(DATASET SECTION begins)

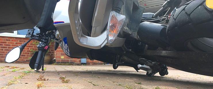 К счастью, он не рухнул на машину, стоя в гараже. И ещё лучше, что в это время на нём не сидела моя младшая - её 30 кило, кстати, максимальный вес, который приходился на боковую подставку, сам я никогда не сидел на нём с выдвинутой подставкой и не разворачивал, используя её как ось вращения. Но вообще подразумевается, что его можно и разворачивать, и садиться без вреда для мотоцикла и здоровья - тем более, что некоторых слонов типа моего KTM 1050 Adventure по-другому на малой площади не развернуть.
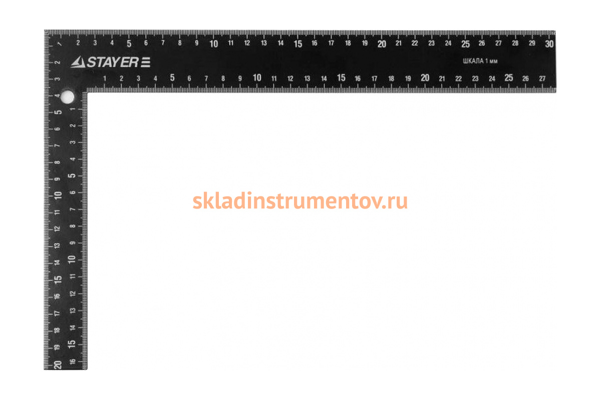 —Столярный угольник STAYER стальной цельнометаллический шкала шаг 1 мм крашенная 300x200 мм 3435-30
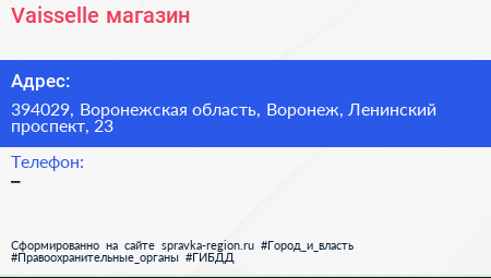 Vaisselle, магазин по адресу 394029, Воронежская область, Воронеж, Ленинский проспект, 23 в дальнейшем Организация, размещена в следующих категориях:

(DATASET SECTION ends)

**TASK STATEMENT:** Your job is to repeat the data exactly, leaving each picture out.

**RESPONSE BOX:**
 К счастью, он не рухнул на машину, стоя в гараже. И ещё лучше, что в это время на нём не сидела моя младшая - её 30 кило, кстати, максимальный вес, который приходился на боковую подставку, сам я никогда не сидел на нём с выдвинутой подставкой и не разворачивал, используя её как ось вращения. Но вообще подразумевается, что его можно и разворачивать, и садиться без вреда для мотоцикла и здоровья - тем более, что некоторых слонов типа моего KTM 1050 Adventure по-другому на малой площади не развернуть.
 —Столярный угольник STAYER стальной цельнометаллический шкала шаг 1 мм крашенная 300x200 мм 3435-30
 Vaisselle, магазин по адресу 394029, Воронежская область, Воронеж, Ленинский проспект, 23 в дальнейшем Организация, размещена в следующих категориях:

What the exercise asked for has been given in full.